Well, I won’t drag it out here — let me just say it went on for some time. So I just sat there and after a while I seemed to enter into an almost trance like state — slightly disconnected and differently present — as if I was a little outside myself, or deeper in there.
And in that state it seemed to me that I could sense his rhythm. The swelling and receding. The rage and the simmer. The out and the in. After a while, I found myself leaning forward towards the wall at the exact moment he exploded in to it, and then leaning back as his strength was expended. As if I was connected somehow to whatever was going on in him. Attached in the experience.
Forward, smash, release, back. Forward, smash, release, back. A rhythm of pain and destruction. A dam building up pressure and then releasing, only to build up again. And after a while, as simply as it started, it was done. One final release and then rest. Drained. Exhausted. Finished. Over.
Jason sat there for a minute and then said, “Thanks.” That was it. No explanation. No discussion. Just “thanks” and then he got up quietly and left his room. I followed.
Jason looked at his father and spoke. “I’ve ruined my wall again,” he said. “I’d like to fix it before I go away tomorrow. Will you help me?”

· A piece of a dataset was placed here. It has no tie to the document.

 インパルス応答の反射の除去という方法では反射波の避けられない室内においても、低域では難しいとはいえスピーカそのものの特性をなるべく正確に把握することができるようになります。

Now Jason never asked for anything, never said he had done anything wrong, and certainly never asked for help. His father looked momentarily stunned — but, I must confess, no more than I, for sure. His mother looked on, worried it seemed. His father responded calmly, tentatively. “Sure, but it’s not really necessary. I can do it.”

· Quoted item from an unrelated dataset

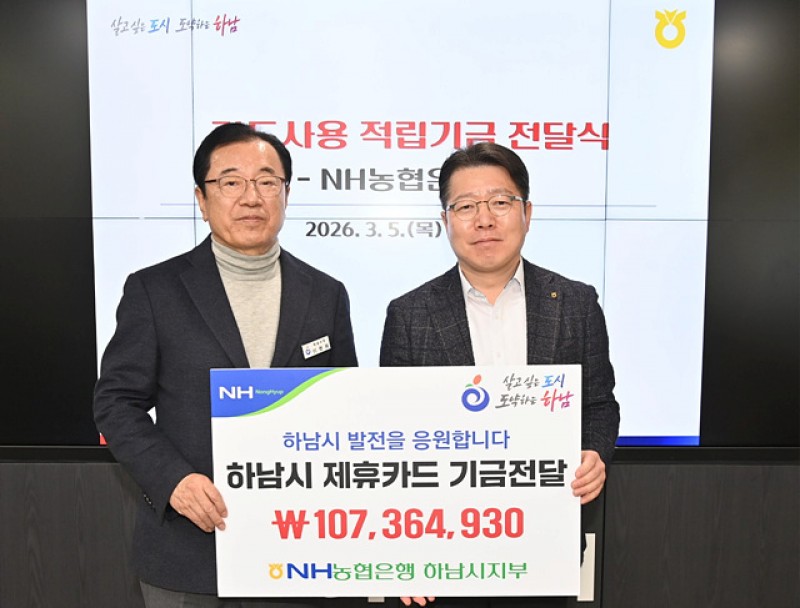 NH농협은행 하남시지부(지부장 이석표)가 5일 제휴카드 사용 적립기금 107,364,930원 하남시에 전달했다고 밝혔다.

In case you are wondering, me, I was just standing there watching this go on. I had never seen Jason and his father do anything but fight — yell, stomp, hurt, retreat. Jason’s mother spoke up. “Let me fix your hands, Jason.”
Now this was just getting to be too much. Not only was Jason not fighting with his father, and was asking him for help, but now he was checking out how he felt about something. I waited for his father to tell him to get cleaned up. That would have been the normal routine. Then the argument would start. But that didn’t happen.
We went back downstairs to the other corner of the basement and into the workshop that his father seemed to retreat to so often. Jason’s dad rumbled around for a few minutes and came up with some wall plaster powder, a trowel and some cloths. “We’ll need some water,” he said.
Me, yes, I was still there, just tagging along but I wanted to know where this was all going. And, truth is, I was waiting for it all to fall apart, or erupt into something crazy, or get back to normal.
Once Jason had the water, he led the way and we all went in to his bedroom and surveyed the damage. The wall was a real wreck where he had been smashing it. I felt guilty, like I should have stopped him. It was as if my failure to be helpful was tattooed into the wall. I felt shame standing there.
Jason’s father must have sensed what I was feeling because he turned to me and told me I could clean off the loose pieces while he and Jason mixed the plaster powder and water. I was glad to have something to do but as I moved to start the clean-up, Jason spoke.
When he was finished, we all sat on the bed together looking at the wet patches which were his work, waiting for it to dry enough for sanding. Earlier I had sat there looking at destruction happening. Now we sat there looking at reparation. It was like we had shifted to a different universe; like it was Act Two with different actors filling in.
When I turned to leave, they were standing side by side, sanding the plaster over the holes. A different rhythm. A safer one it looked like to me. A healing one. Father and son, connected in a different experience.